ABOUT THIS EXERCISE:
Extract only the lines running from the top of the entries to the line that holds "Tenants receive instant". Include that line and omit the pictures.
======== MATERIAL SUPPLIED
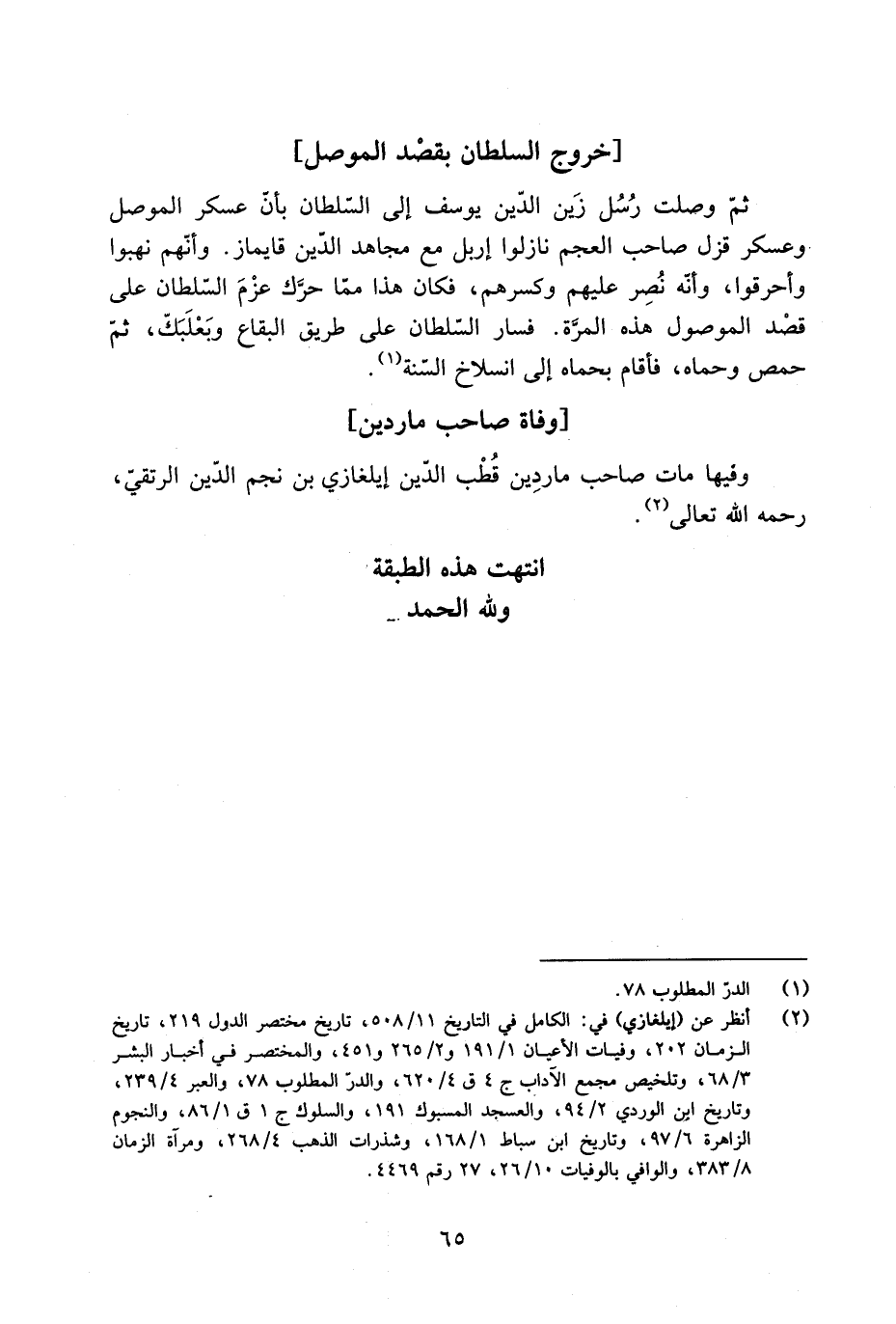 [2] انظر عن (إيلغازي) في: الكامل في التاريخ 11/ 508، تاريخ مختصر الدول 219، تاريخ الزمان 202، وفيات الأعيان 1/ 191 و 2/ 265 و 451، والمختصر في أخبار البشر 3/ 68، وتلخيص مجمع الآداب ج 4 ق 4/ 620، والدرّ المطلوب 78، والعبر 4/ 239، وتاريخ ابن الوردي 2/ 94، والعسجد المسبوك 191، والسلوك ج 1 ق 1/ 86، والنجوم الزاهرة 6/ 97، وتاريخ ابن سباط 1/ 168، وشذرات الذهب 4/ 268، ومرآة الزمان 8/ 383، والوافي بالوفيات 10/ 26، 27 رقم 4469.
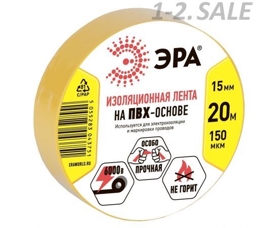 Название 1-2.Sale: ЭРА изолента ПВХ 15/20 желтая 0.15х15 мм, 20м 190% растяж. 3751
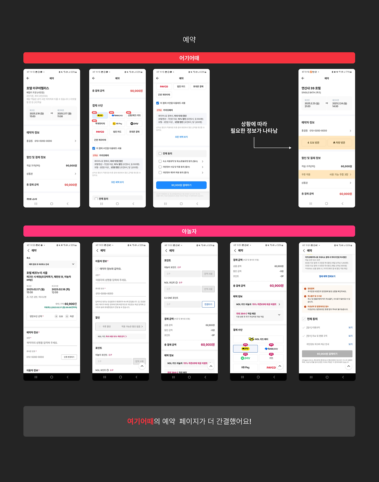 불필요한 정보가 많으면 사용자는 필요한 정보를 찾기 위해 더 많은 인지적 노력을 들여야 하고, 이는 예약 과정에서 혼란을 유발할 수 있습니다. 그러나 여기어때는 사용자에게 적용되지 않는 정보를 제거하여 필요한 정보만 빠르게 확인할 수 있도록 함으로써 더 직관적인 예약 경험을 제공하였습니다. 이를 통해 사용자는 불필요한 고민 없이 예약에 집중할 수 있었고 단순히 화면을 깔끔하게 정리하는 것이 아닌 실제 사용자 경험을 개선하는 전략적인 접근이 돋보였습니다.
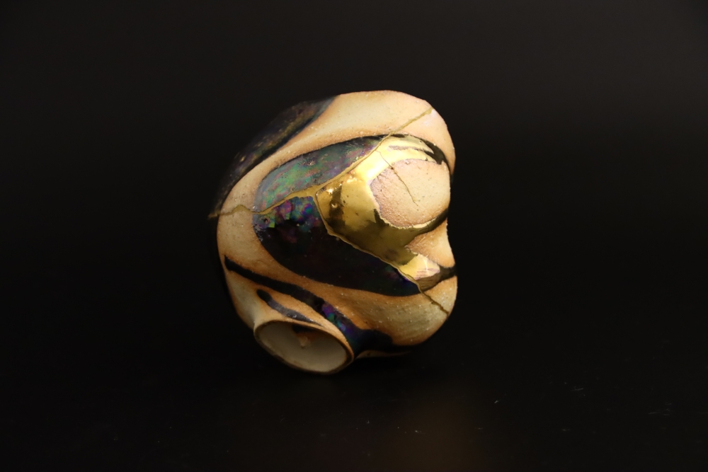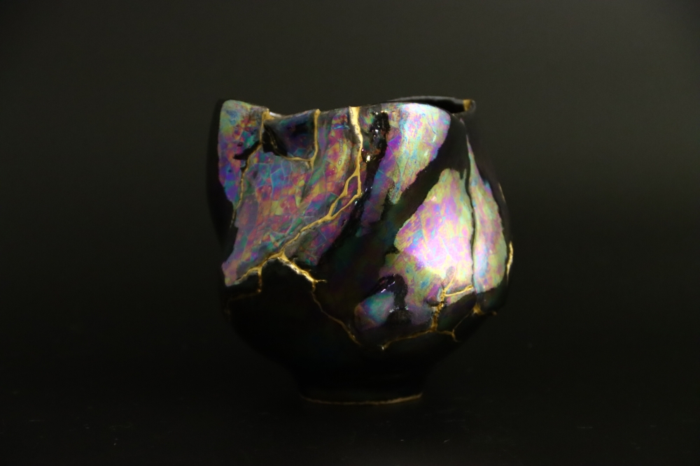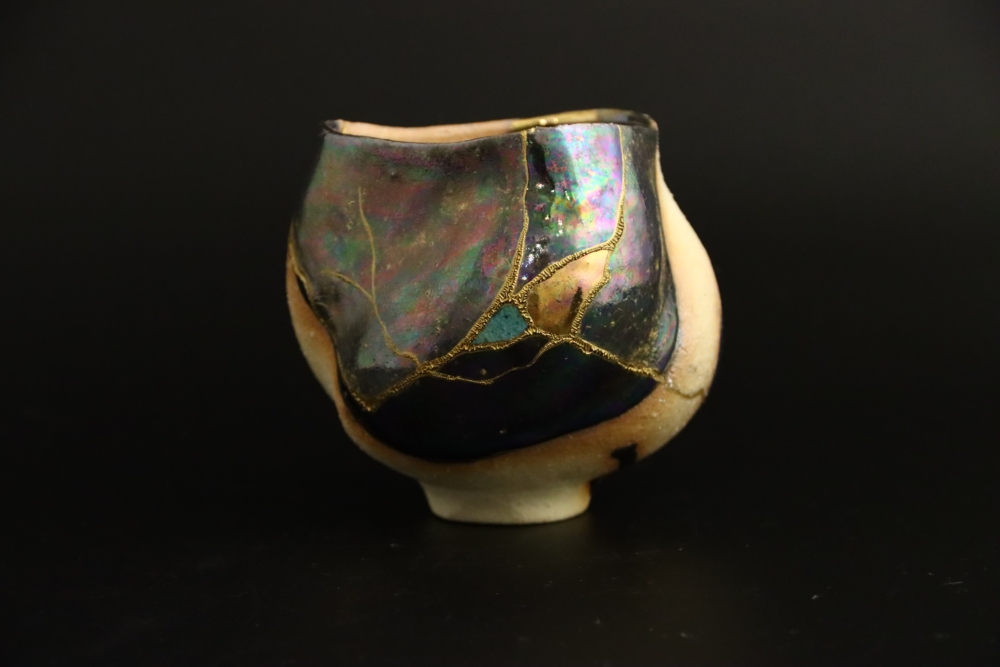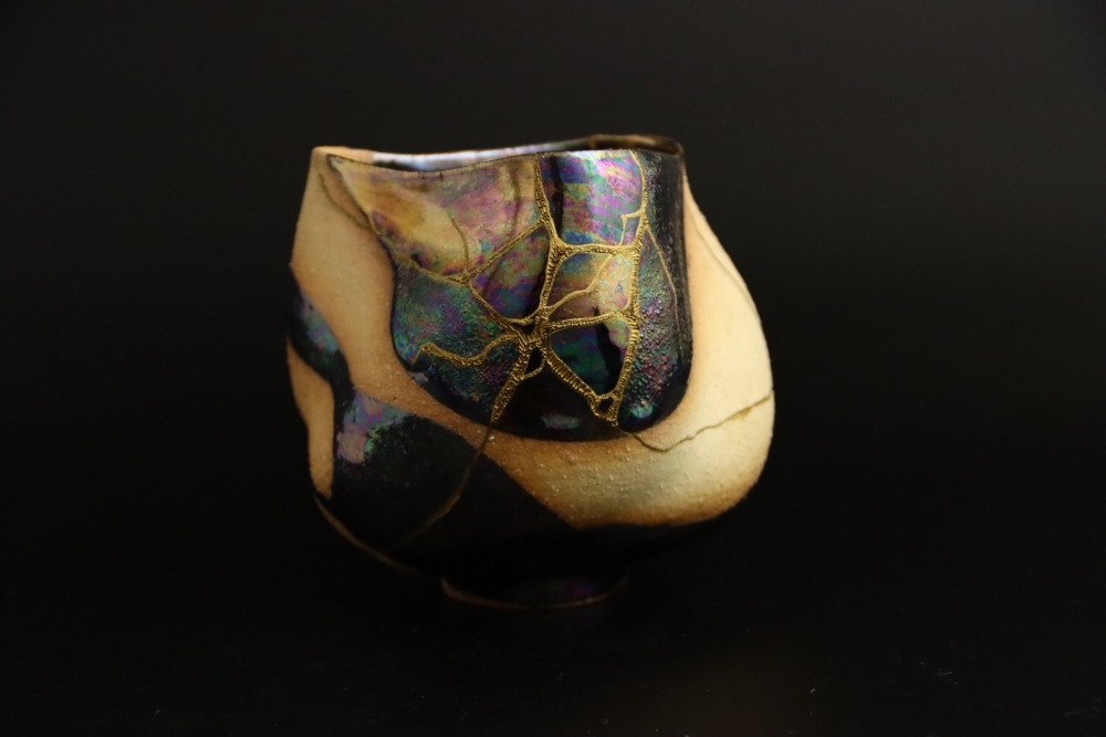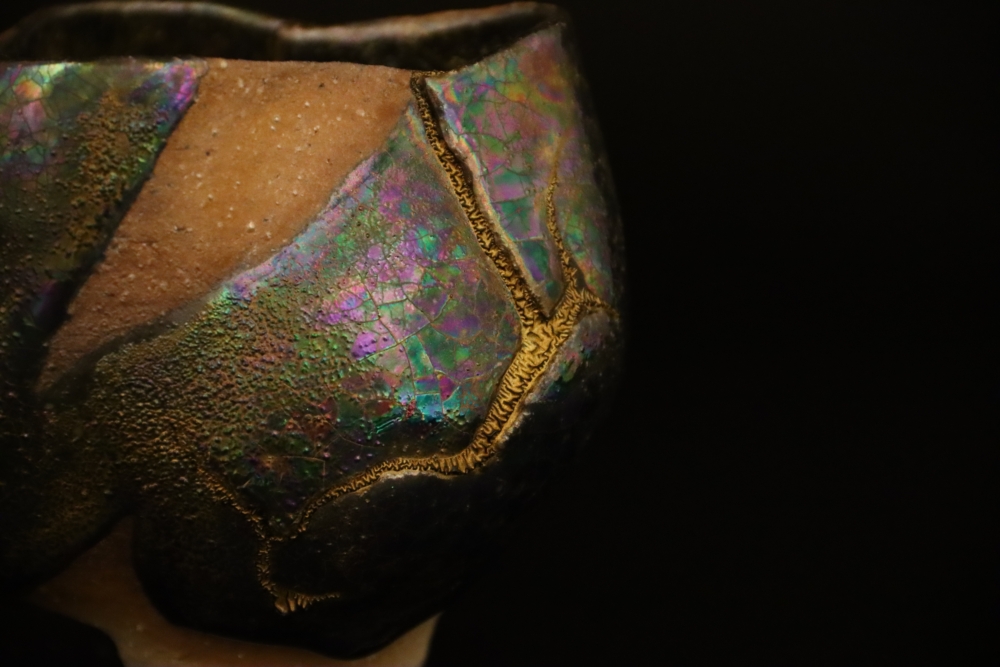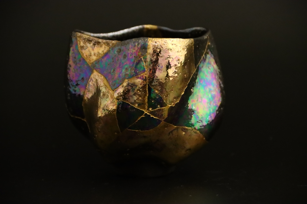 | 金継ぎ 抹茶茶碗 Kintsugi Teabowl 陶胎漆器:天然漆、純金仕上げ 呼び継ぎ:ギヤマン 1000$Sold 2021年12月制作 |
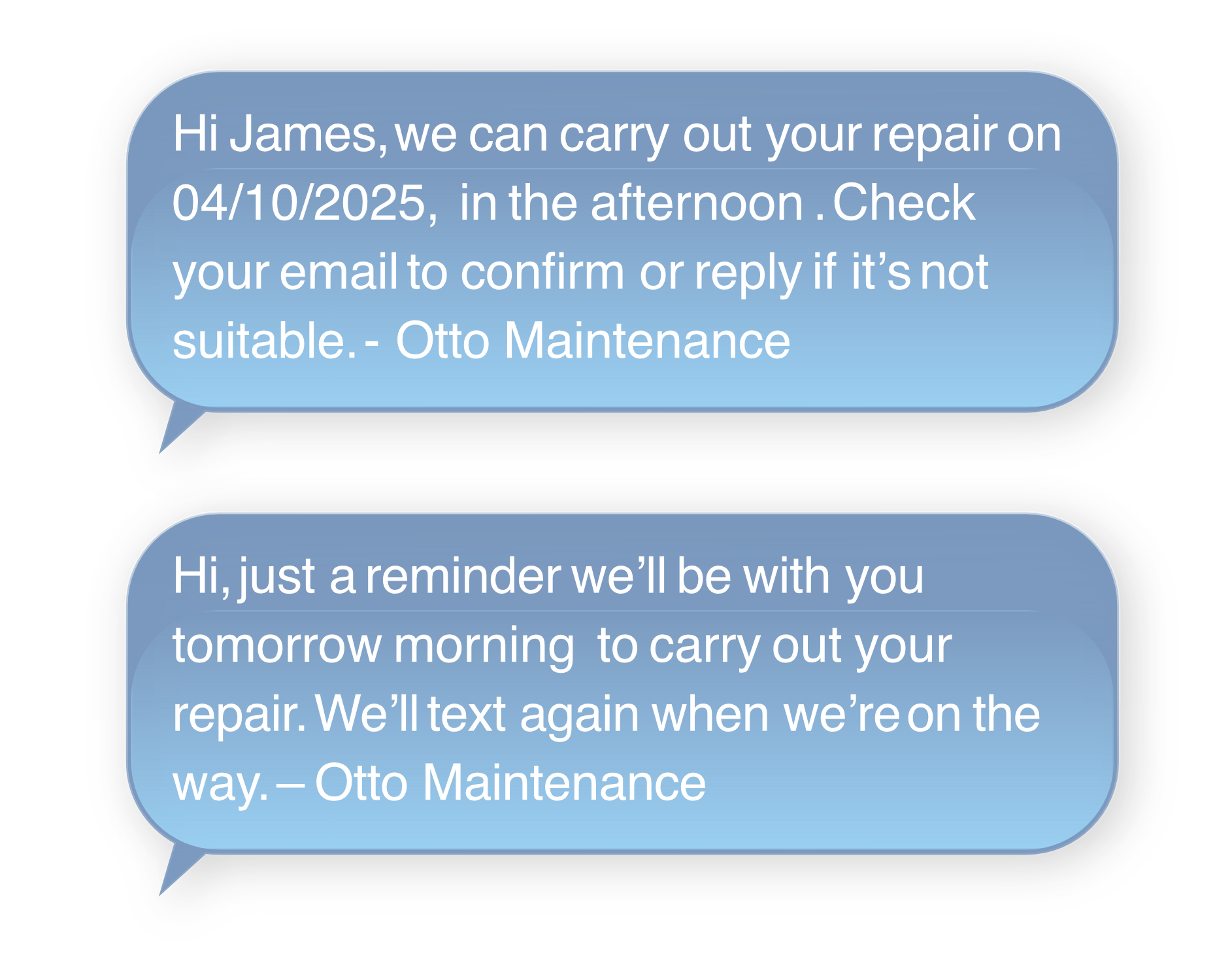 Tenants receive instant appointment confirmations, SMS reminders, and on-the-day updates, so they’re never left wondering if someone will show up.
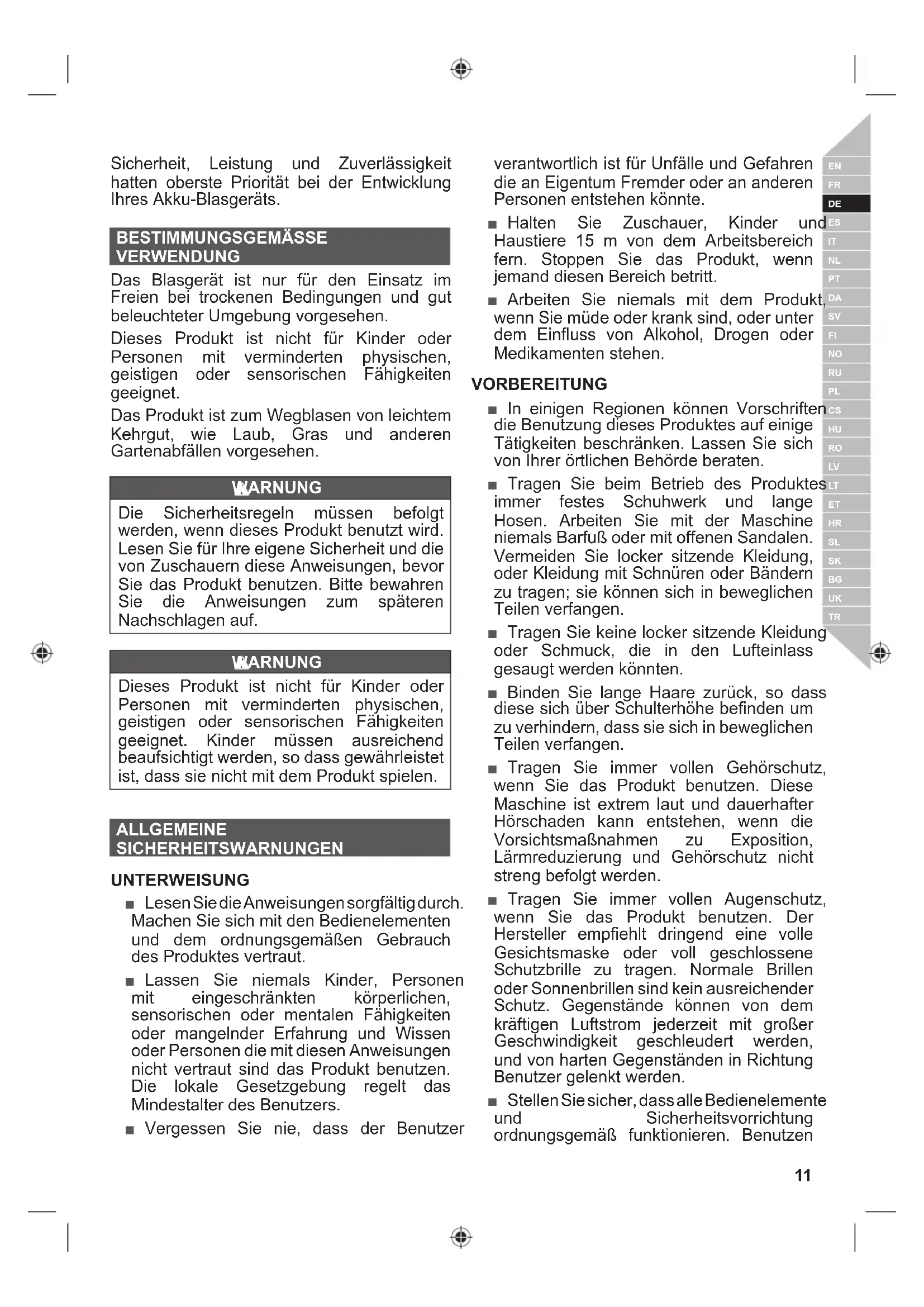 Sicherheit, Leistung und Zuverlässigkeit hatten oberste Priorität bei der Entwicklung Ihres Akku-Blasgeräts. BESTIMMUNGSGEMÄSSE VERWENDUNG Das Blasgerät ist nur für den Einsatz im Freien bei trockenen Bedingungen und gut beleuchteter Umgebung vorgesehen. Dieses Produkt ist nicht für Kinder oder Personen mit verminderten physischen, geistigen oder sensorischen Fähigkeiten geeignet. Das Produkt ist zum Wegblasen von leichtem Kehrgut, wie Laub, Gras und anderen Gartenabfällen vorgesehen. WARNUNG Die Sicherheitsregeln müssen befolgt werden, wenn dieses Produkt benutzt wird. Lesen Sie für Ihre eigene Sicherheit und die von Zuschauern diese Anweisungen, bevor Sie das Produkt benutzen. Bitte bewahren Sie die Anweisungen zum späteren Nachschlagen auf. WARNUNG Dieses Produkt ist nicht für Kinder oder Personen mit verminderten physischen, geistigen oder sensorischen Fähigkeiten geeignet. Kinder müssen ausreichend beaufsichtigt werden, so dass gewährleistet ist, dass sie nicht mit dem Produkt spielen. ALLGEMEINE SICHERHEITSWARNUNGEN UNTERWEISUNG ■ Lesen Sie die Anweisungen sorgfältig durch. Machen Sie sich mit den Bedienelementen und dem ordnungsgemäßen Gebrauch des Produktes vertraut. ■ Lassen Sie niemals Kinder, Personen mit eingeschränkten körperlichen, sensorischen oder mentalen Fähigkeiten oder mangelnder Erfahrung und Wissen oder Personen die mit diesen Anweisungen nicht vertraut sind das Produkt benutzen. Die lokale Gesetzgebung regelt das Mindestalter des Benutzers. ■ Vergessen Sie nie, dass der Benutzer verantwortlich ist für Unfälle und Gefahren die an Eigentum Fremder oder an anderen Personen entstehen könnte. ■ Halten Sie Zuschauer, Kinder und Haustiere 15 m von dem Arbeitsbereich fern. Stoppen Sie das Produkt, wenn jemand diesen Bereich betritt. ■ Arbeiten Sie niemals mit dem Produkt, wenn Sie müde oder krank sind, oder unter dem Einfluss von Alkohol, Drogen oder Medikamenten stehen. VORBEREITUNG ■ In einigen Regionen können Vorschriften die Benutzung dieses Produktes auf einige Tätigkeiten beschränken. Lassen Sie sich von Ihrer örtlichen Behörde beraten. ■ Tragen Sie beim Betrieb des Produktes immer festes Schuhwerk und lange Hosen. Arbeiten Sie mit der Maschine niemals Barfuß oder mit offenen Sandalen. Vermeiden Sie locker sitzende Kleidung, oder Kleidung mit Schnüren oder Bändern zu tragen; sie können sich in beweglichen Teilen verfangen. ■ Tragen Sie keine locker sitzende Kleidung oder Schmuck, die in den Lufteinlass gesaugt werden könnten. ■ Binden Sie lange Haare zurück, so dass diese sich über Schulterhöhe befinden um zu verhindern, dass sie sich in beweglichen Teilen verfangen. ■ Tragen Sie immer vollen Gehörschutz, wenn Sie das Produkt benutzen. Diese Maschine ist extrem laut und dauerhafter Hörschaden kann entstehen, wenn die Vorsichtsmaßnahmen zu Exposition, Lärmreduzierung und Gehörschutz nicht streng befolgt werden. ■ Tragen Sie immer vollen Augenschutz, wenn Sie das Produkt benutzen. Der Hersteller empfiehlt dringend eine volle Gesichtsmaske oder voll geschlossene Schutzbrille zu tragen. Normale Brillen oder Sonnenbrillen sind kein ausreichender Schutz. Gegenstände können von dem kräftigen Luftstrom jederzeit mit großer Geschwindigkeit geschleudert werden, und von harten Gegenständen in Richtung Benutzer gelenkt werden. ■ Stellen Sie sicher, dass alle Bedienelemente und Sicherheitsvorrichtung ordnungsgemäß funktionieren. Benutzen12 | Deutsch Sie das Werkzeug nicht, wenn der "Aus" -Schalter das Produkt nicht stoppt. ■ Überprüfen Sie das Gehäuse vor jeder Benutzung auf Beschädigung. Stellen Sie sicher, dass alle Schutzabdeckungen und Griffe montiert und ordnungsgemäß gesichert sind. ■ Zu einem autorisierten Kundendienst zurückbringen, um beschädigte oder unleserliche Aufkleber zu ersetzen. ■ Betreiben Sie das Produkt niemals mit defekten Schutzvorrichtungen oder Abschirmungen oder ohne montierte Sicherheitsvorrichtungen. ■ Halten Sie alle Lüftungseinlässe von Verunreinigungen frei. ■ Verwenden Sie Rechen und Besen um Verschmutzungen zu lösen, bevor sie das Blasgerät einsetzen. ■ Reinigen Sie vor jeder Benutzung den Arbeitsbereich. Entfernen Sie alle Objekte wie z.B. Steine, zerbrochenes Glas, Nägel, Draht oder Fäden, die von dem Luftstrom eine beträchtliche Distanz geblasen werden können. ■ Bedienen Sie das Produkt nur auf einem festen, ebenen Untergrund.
================
ANSWER BOX:
 [2] انظر عن (إيلغازي) في: الكامل في التاريخ 11/ 508، تاريخ مختصر الدول 219، تاريخ الزمان 202، وفيات الأعيان 1/ 191 و 2/ 265 و 451، والمختصر في أخبار البشر 3/ 68، وتلخيص مجمع الآداب ج 4 ق 4/ 620، والدرّ المطلوب 78، والعبر 4/ 239، وتاريخ ابن الوردي 2/ 94، والعسجد المسبوك 191، والسلوك ج 1 ق 1/ 86، والنجوم الزاهرة 6/ 97، وتاريخ ابن سباط 1/ 168، وشذرات الذهب 4/ 268، ومرآة الزمان 8/ 383، والوافي بالوفيات 10/ 26، 27 رقم 4469.
 Название 1-2.Sale: ЭРА изолента ПВХ 15/20 желтая 0.15х15 мм, 20м 190% растяж. 3751
 불필요한 정보가 많으면 사용자는 필요한 정보를 찾기 위해 더 많은 인지적 노력을 들여야 하고, 이는 예약 과정에서 혼란을 유발할 수 있습니다. 그러나 여기어때는 사용자에게 적용되지 않는 정보를 제거하여 필요한 정보만 빠르게 확인할 수 있도록 함으로써 더 직관적인 예약 경험을 제공하였습니다. 이를 통해 사용자는 불필요한 고민 없이 예약에 집중할 수 있었고 단순히 화면을 깔끔하게 정리하는 것이 아닌 실제 사용자 경험을 개선하는 전략적인 접근이 돋보였습니다.
 | 金継ぎ 抹茶茶碗 Kintsugi Teabowl 陶胎漆器:天然漆、純金仕上げ 呼び継ぎ:ギヤマン 1000$Sold 2021年12月制作 |
 Tenants receive instant appointment confirmations, SMS reminders, and on-the-day updates, so they’re never left wondering if someone will show up.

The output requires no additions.